During the trip, The Pope was only able to see a game at FedExField in Washington DC between the Washington Redskins and the Denver Broncos. While only seeing the one game was a major disappointment, it did give the Pope the opportunity to see his Fantasy Football quarterback play.
“That Peyton Manning is on good player,” the Pope said. “Last year he single handedly won me my (fantasy football) league. This year he is off to a rough start, but I think he will bounce back. You know who else I think will bounce back? Ray Rice. Yes, he punched his girlfriend. Yes, he knocked her out cold. Yes, he is a piece of feces that will likely rot in hell for all of eternity. But did you see the numbers that he put up last year? I think, no, I know he will be back on a team soon. I know a guy who can take care of these things. The same guy that got rid of (Tim) Tebow for good.”
According to the Pope, he was looking forward to seeing a game in all the NFL stadiums so he could “really experience America and also see the cheerleaders.”
“Now I know what a lot of people are going to say, but there is a very good reason why I want to meet with the cheerleaders,” the Pope said. “A lot of cheerleaders are women of, let us call it ‘low moral codes.’ I think that if I were to go talk to each one, privately, one on one, I could really do some good in these young women’s lives. Especially if I meet with them in the locker room while they’re getting ready. Not because I want to see them naked, no. Ew.

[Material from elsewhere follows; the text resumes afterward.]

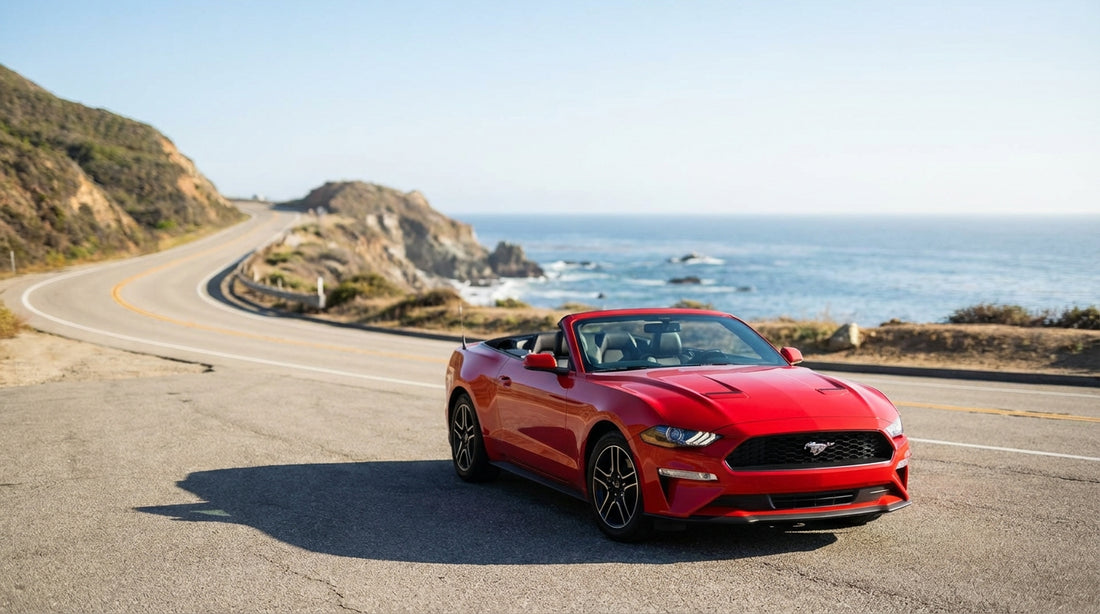 A convertible car hire drives down a winding coastal highway in California on a sunny day

No, I just figure that I do not want to make them late to cheer, or whatever else they do.”
Shortly after arriving in the U.S., the Pope asked President Obama about scheduling meetings and events around football games.
“We tried everything in our power to help the Pope fulfill his dream, but Roger Goodell is an asshole and would not permit the moving of games to fit in with the Popes itinerary,” a White House Report stated. “Perhaps next year when Mr. Goodell is no longer the NFL Commissioner, we can help fulfill the Popes dreams.”